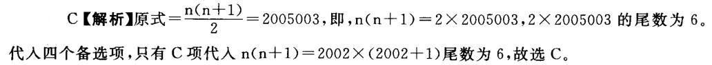 问题 1 + 2 + 3 + 4+…+n=2005003,则自然数n=( )。 A.2000 B.2001 C. 2002 D. 2003
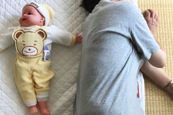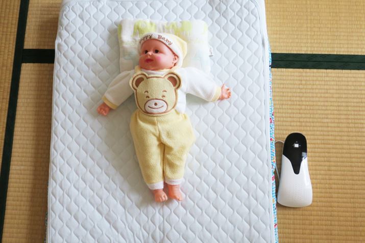 ただ、ここまでの検証では、パッドの上に何か載っていればアラーム音が鳴らないのでは? という不安も残ります。そこで、きちんと動き(呼吸)を検知しているのか確かめるために、赤ちゃんの代わりに人形を載せて試してみました。
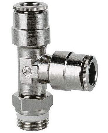 Тройник цанговый поворотный Camozzi. Наружная резьба G1/4 с уплотнительным фторопластовым кольцом PTFE, цанговые зажимы под трубку с наружным диаметром 12 мм.

AIM OF THE EXERCISE ::
Every line of the data is to be transcribed exactly, and no picture is to be included.

SOLUTION TO THIS PROBLEM ::
 问题 1 + 2 + 3 + 4+…+n=2005003,则自然数n=( )。 A.2000 B.2001 C. 2002 D. 2003
 ただ、ここまでの検証では、パッドの上に何か載っていればアラーム音が鳴らないのでは? という不安も残ります。そこで、きちんと動き(呼吸)を検知しているのか確かめるために、赤ちゃんの代わりに人形を載せて試してみました。
 Тройник цанговый поворотный Camozzi. Наружная резьба G1/4 с уплотнительным фторопластовым кольцом PTFE, цанговые зажимы под трубку с наружным диаметром 12 мм.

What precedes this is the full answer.